Work instruction: Skip the pictures. Output only the lines below starting at the line with "In beide ruimtes" and ending at the line with "Praktikus, tartós öntöttvas", both ends included, exactly as they are.
[Data section — start]
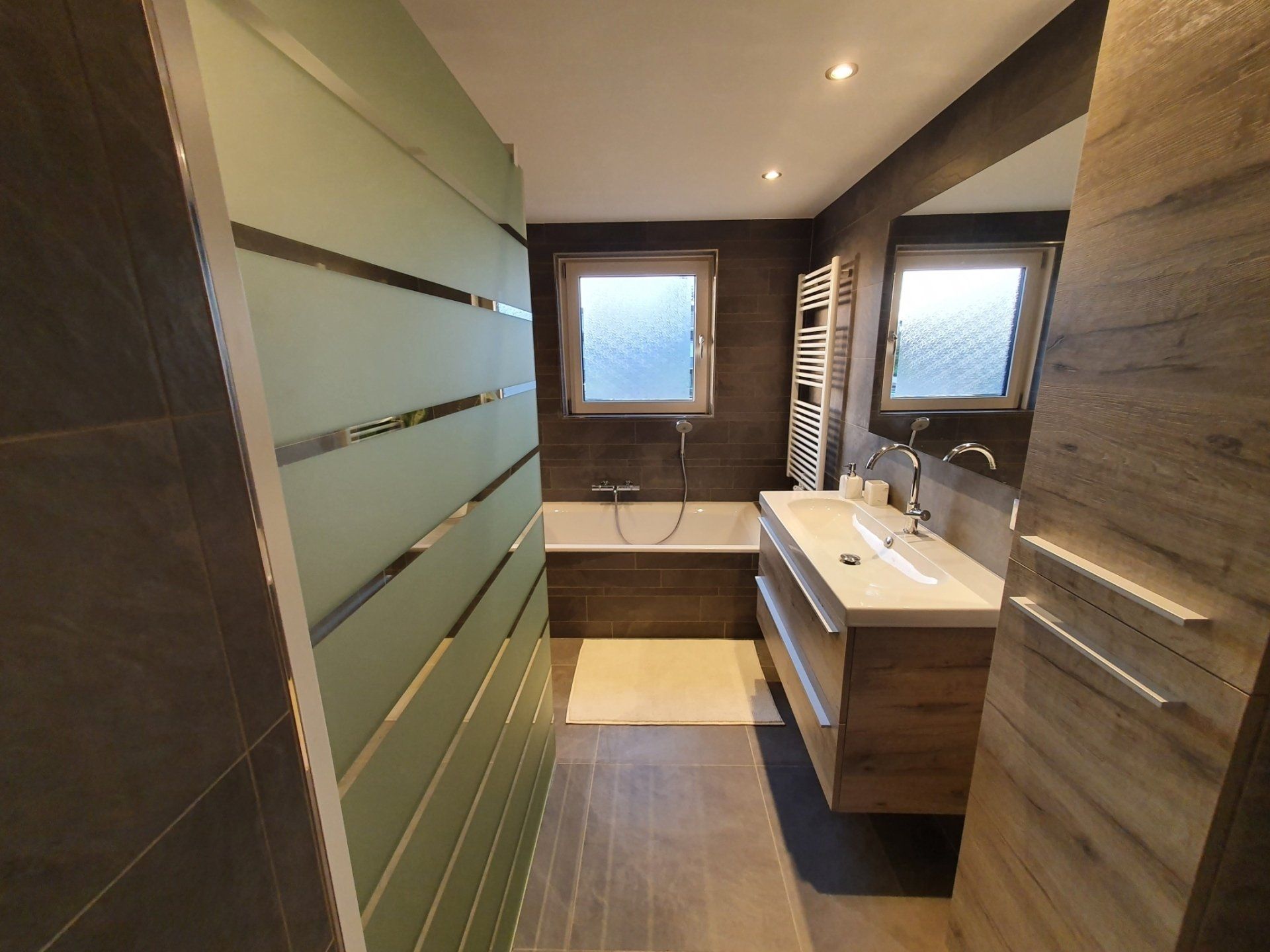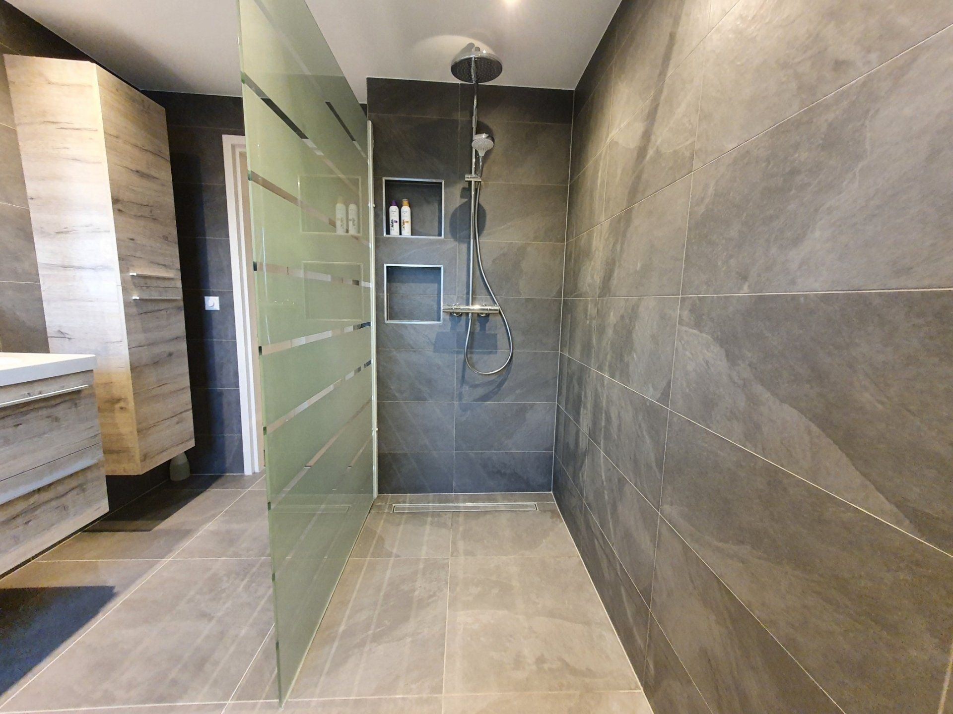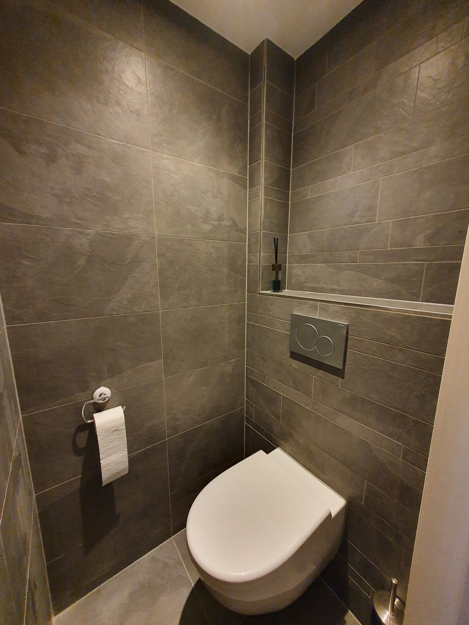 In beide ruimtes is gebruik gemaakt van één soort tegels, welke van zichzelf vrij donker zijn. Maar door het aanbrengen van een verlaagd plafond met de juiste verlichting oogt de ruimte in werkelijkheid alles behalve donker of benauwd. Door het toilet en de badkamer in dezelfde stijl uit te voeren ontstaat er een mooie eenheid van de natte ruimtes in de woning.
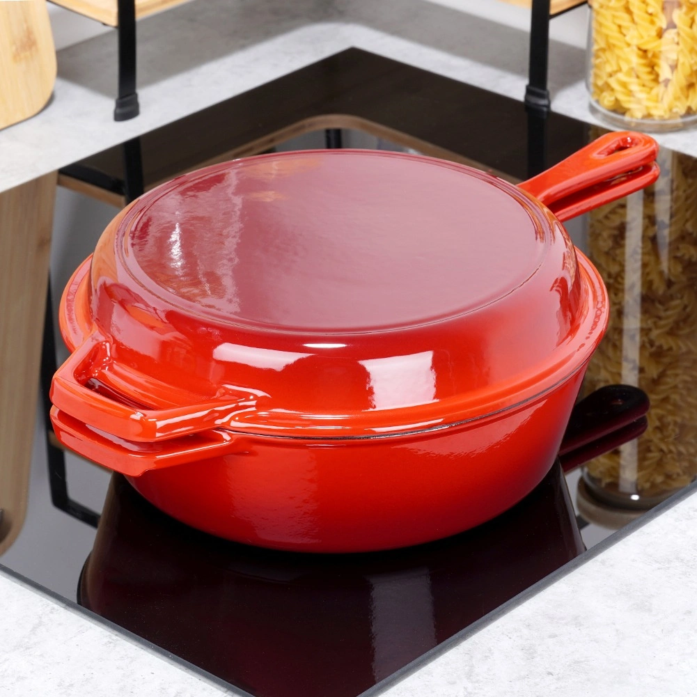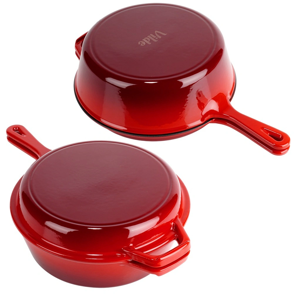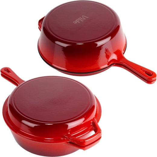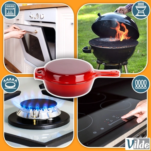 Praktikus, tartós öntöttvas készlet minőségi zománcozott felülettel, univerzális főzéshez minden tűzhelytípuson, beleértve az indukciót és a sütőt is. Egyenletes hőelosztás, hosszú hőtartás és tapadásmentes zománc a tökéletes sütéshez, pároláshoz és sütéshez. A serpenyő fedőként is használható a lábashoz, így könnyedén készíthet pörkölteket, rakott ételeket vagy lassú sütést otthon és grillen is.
[Data section — finish]
[Data section — start]
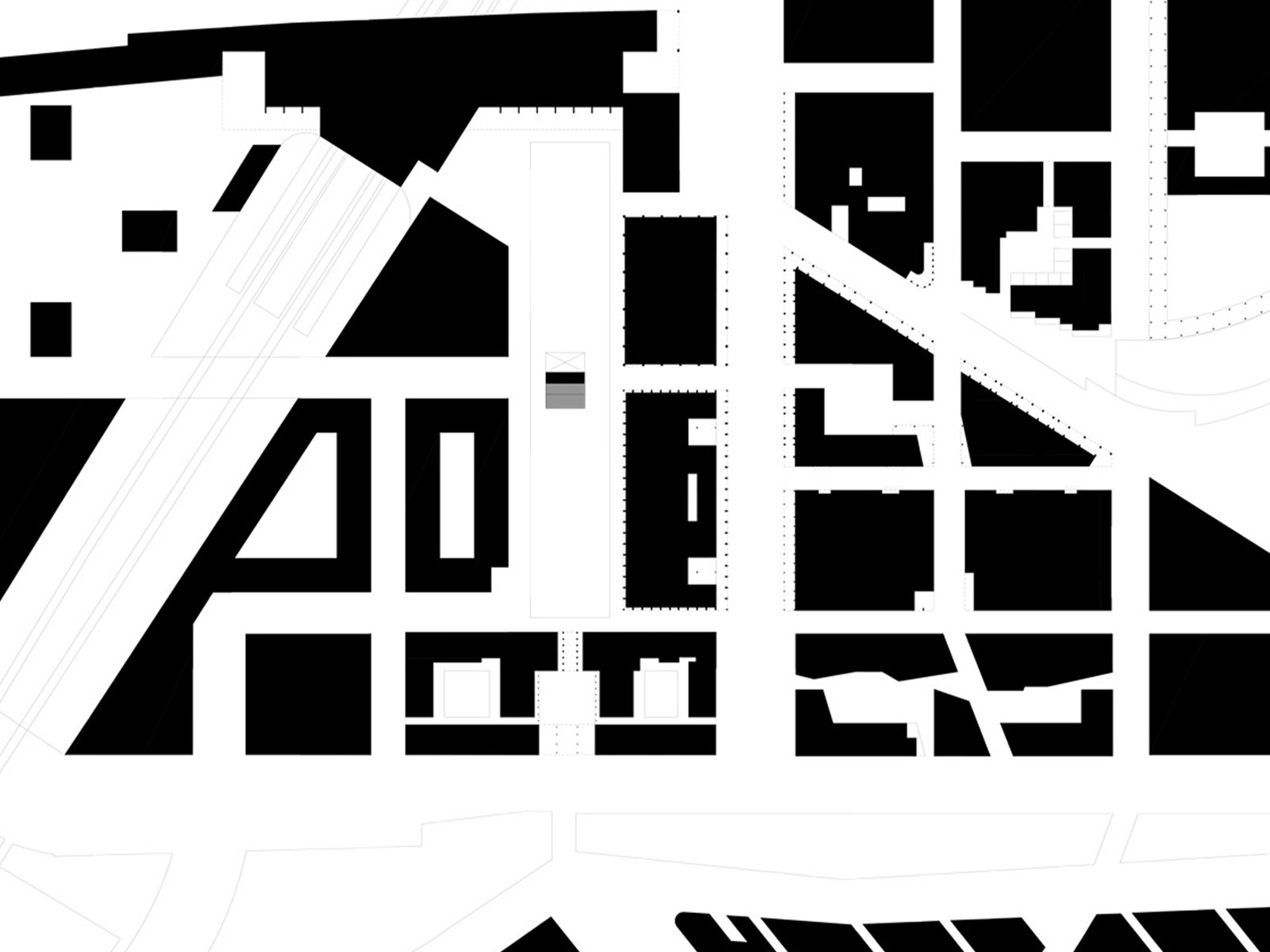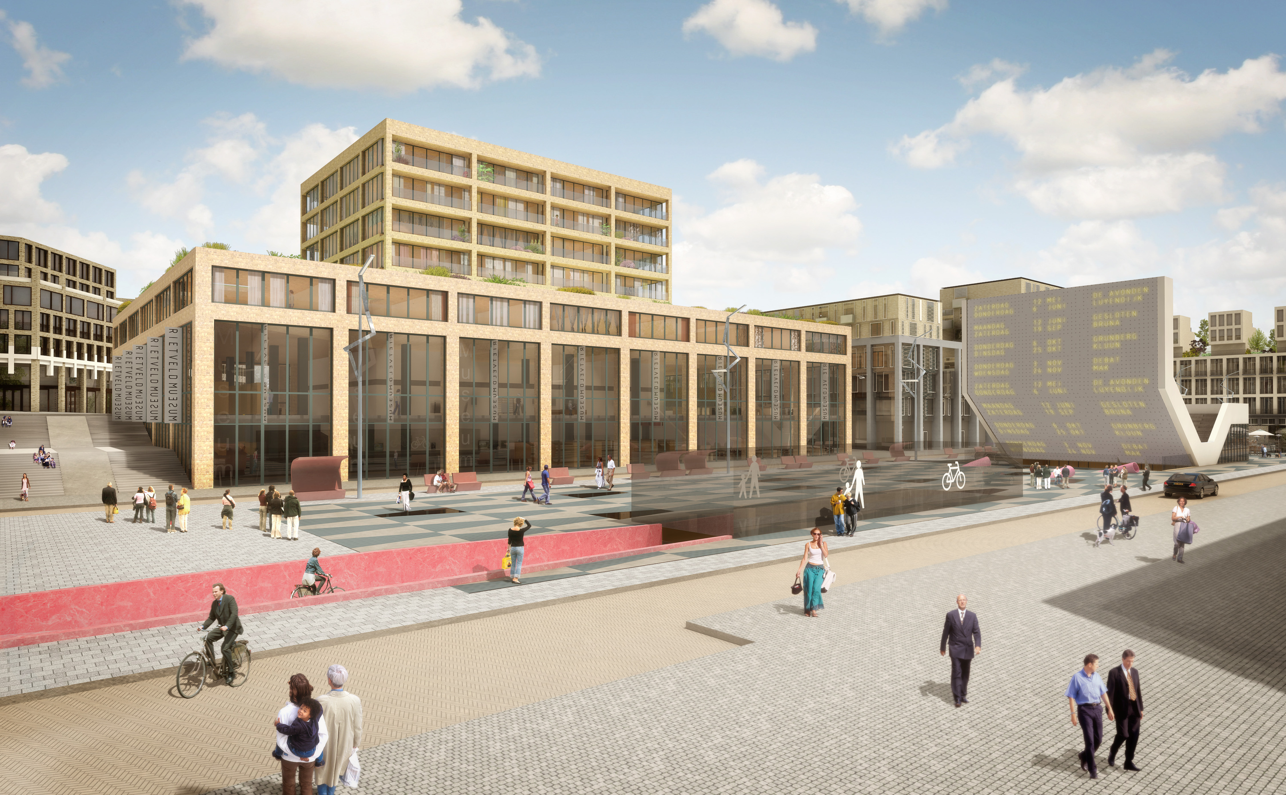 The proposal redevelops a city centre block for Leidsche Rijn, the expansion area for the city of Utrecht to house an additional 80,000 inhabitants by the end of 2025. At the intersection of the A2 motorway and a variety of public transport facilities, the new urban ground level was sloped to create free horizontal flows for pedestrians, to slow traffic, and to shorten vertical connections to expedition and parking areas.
[Data section — finish]
Solution below:
 In beide ruimtes is gebruik gemaakt van één soort tegels, welke van zichzelf vrij donker zijn. Maar door het aanbrengen van een verlaagd plafond met de juiste verlichting oogt de ruimte in werkelijkheid alles behalve donker of benauwd. Door het toilet en de badkamer in dezelfde stijl uit te voeren ontstaat er een mooie eenheid van de natte ruimtes in de woning.
 Praktikus, tartós öntöttvas készlet minőségi zománcozott felülettel, univerzális főzéshez minden tűzhelytípuson, beleértve az indukciót és a sütőt is. Egyenletes hőelosztás, hosszú hőtartás és tapadásmentes zománc a tökéletes sütéshez, pároláshoz és sütéshez. A serpenyő fedőként is használható a lábashoz, így könnyedén készíthet pörkölteket, rakott ételeket vagy lassú sütést otthon és grillen is.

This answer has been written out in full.